• **What needs to be done**: The data below should be transcribed in full, with no picture included.

*** Material provided Section Begins ***

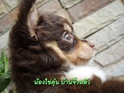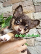 ชิวาวาขนยาวเพศเมียสุดสวย สีช็อคโกแลต มาร์คกิ้งครบ มีคิ้วหน้ากากสีน้ำตาล หน้าอกขาว ถุงเท้าขาว ขนแน่นมากๆ อายุ 50 วัน (เิกิด 20 พ.ค.52)
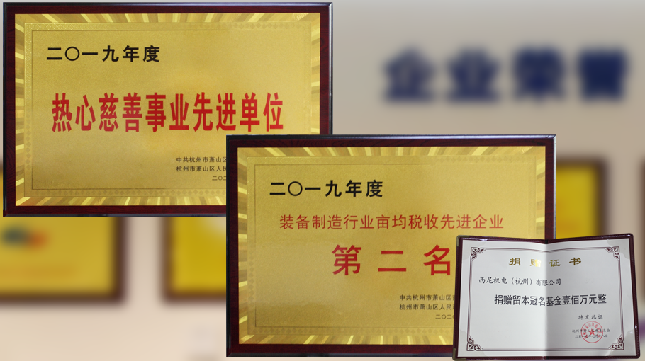 近日,我司收到蕭山區(qū)政府相關(guān)部門及蕭山區(qū)慈善總會頒發(fā)的“裝備制造行業(yè)畝均稅收先進(jìn)企業(yè)第二名”、“熱心慈善事業(yè)先進(jìn)單位”及“捐贈留本冠名基金會壹佰萬元整”證書。 其中,“熱心慈善事業(yè)先進(jìn)單位”,
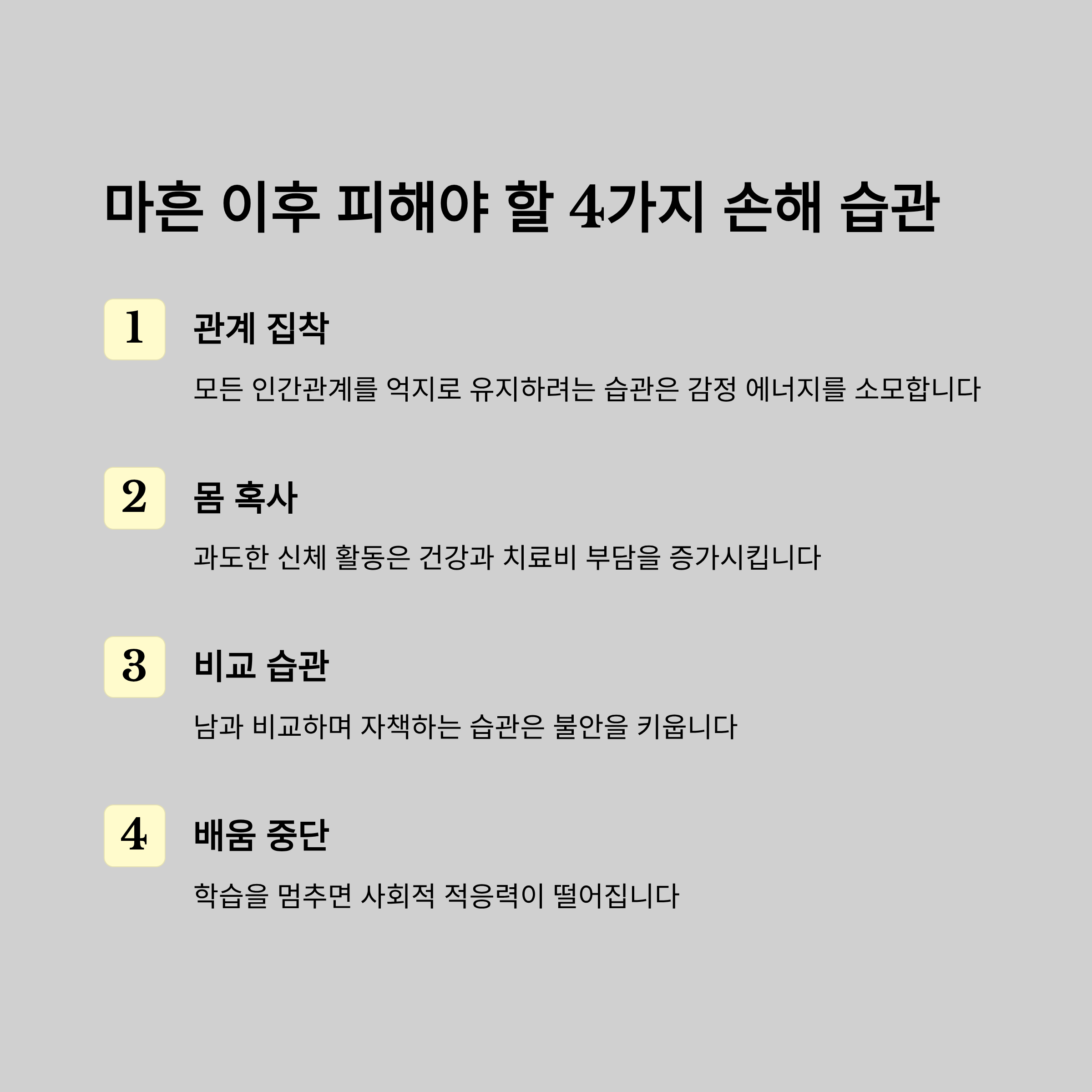 마흔 이후 피해야 할 4가지 손해 습관
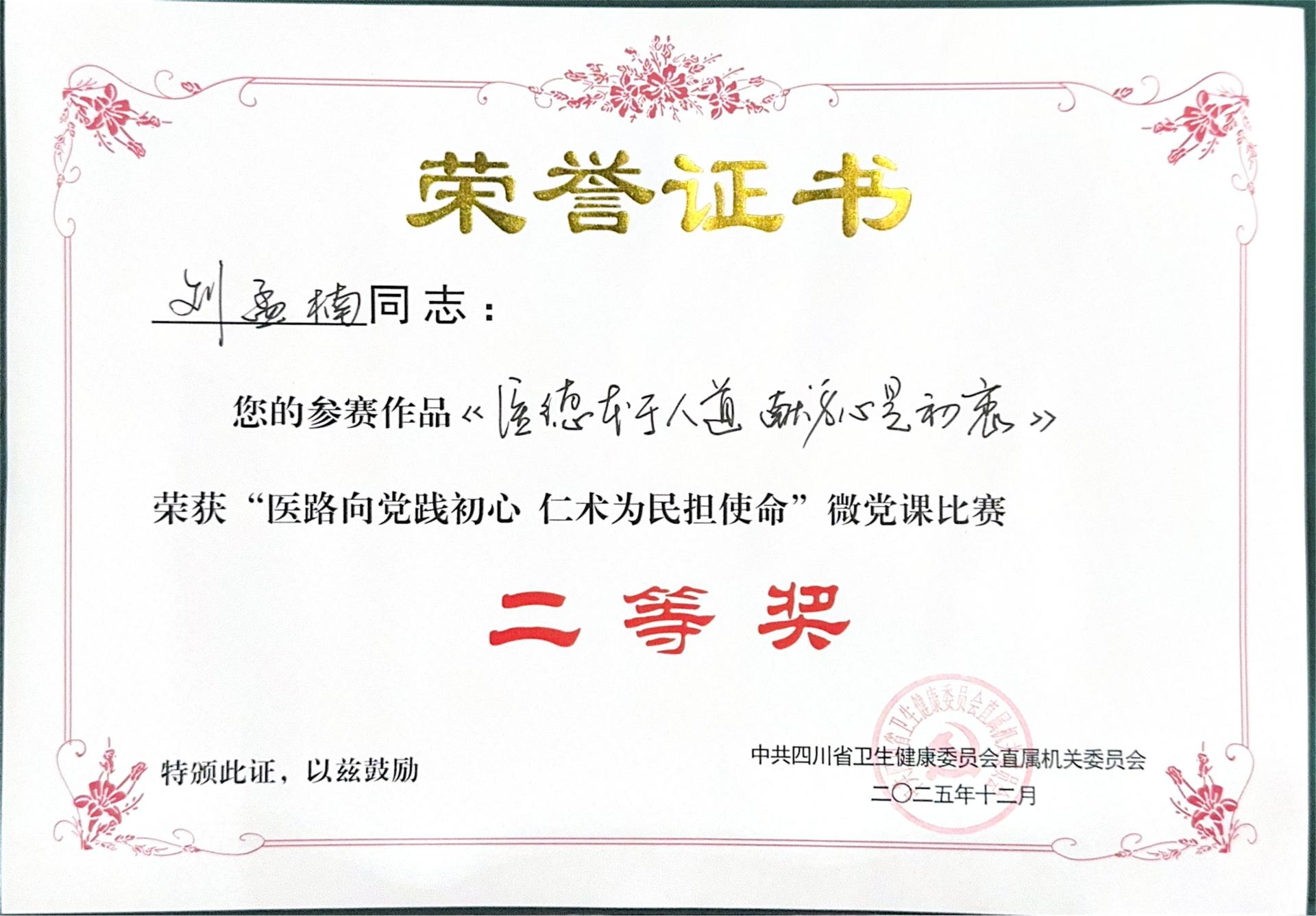 活动中,心血管内科党支部刘孟楠同志以《医德本于人道 献身必是初衷》为题讲的微党课荣获大赛二等奖。
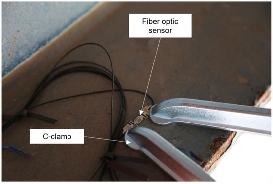 Prior to installing the fiber optic system, the elastic neutral axis of the girders was determined by installing strain transducer sensors, conducting a diagnostic field test, and then removing the sensors. The fiber optic system was afterwards installed on each girder at the positive moment location. The fiber optic strain sensor was mounted to the top surface of the bottom flange using a C-clamp. Two C-clamps were used for each sensor, as shown in Figure 10. The C-clamps were attached to the end of the sensor casing to avoid pinching the fiber optic line.
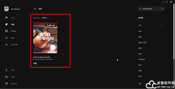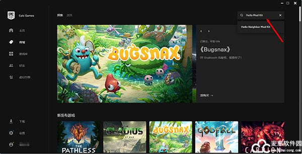 2、下载并安装Epic游戏平台,在商城的右上角中搜索Hello MOD Kit
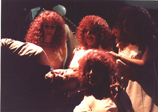 Una mujer de vestido verde y pelo colorado dice: " Me llamo Analía cumplo a ños, años, y años, de vasitos de plástico, de jarritas de plástico, de mantelitos, de galletitas, de papitas pl ásticas.... De ese lado de la guirnalda, el vacío. De éste otro lado yo cumplo años." La obra entonces en su juego transforma una "ceremonia social", el cumpleaños, en una "ceremonia teatral" donde la excusa de un festejo sirve para hablar del amor, del miedo a la soledad, en definitiva de la condición del ser femenino.
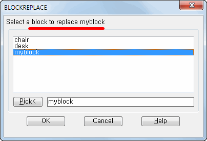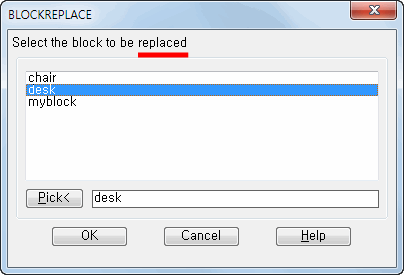 리스트에서 블록 이름을 선택하거나 선택 버튼을 클릭하고 도면에서 블록을 선택하여 검색할 블록 이름을 지정합니다.
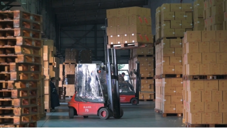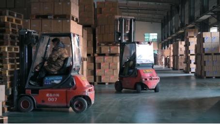 眾所周知,白酒價值高,且大多以玻璃或陶瓷材質瓶裝進行運輸,易碎易破損,特別是春節、中秋兩節旺季,發貨需求猛增,大大加劇了對廠內物流倉儲、出入庫配送的作業需求,對于物料搬運設備的高效性和安全性提出極大的考驗。洋河股份物流一部成品一科科長吳堅對林德叉車的效率性能深有體會:“在我們釀酒基地,使用的是林德電動平衡重叉車,雙踏板系統和指尖控制手柄,讓裝卸操作更輕松便捷,寬視野的門架設計,轉彎自動減速功能,承載貨物更安全穩定。”簡單的操作、精準的搬運,全方面助力洋河基地成品酒物流快速流轉。
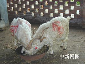 中國首批成年體細胞克隆山羊“陽陽”已經(jīng)三歲了。中新社記者 孫自法 攝

*** Material provided Section Ends ***

• **Answer section**:
 ชิวาวาขนยาวเพศเมียสุดสวย สีช็อคโกแลต มาร์คกิ้งครบ มีคิ้วหน้ากากสีน้ำตาล หน้าอกขาว ถุงเท้าขาว ขนแน่นมากๆ อายุ 50 วัน (เิกิด 20 พ.ค.52)
 近日,我司收到蕭山區(qū)政府相關(guān)部門及蕭山區(qū)慈善總會頒發(fā)的“裝備制造行業(yè)畝均稅收先進(jìn)企業(yè)第二名”、“熱心慈善事業(yè)先進(jìn)單位”及“捐贈留本冠名基金會壹佰萬元整”證書。 其中,“熱心慈善事業(yè)先進(jìn)單位”,
 마흔 이후 피해야 할 4가지 손해 습관
 活动中,心血管内科党支部刘孟楠同志以《医德本于人道 献身必是初衷》为题讲的微党课荣获大赛二等奖。
 Prior to installing the fiber optic system, the elastic neutral axis of the girders was determined by installing strain transducer sensors, conducting a diagnostic field test, and then removing the sensors. The fiber optic system was afterwards installed on each girder at the positive moment location. The fiber optic strain sensor was mounted to the top surface of the bottom flange using a C-clamp. Two C-clamps were used for each sensor, as shown in Figure 10. The C-clamps were attached to the end of the sensor casing to avoid pinching the fiber optic line.
 2、下载并安装Epic游戏平台,在商城的右上角中搜索Hello MOD Kit
 Una mujer de vestido verde y pelo colorado dice: " Me llamo Analía cumplo a ños, años, y años, de vasitos de plástico, de jarritas de plástico, de mantelitos, de galletitas, de papitas pl ásticas.... De ese lado de la guirnalda, el vacío. De éste otro lado yo cumplo años." La obra entonces en su juego transforma una "ceremonia social", el cumpleaños, en una "ceremonia teatral" donde la excusa de un festejo sirve para hablar del amor, del miedo a la soledad, en definitiva de la condición del ser femenino.
 리스트에서 블록 이름을 선택하거나 선택 버튼을 클릭하고 도면에서 블록을 선택하여 검색할 블록 이름을 지정합니다.
 眾所周知,白酒價值高,且大多以玻璃或陶瓷材質瓶裝進行運輸,易碎易破損,特別是春節、中秋兩節旺季,發貨需求猛增,大大加劇了對廠內物流倉儲、出入庫配送的作業需求,對于物料搬運設備的高效性和安全性提出極大的考驗。洋河股份物流一部成品一科科長吳堅對林德叉車的效率性能深有體會:“在我們釀酒基地,使用的是林德電動平衡重叉車,雙踏板系統和指尖控制手柄,讓裝卸操作更輕松便捷,寬視野的門架設計,轉彎自動減速功能,承載貨物更安全穩定。”簡單的操作、精準的搬運,全方面助力洋河基地成品酒物流快速流轉。
 中國首批成年體細胞克隆山羊“陽陽”已經(jīng)三歲了。中新社記者 孫自法 攝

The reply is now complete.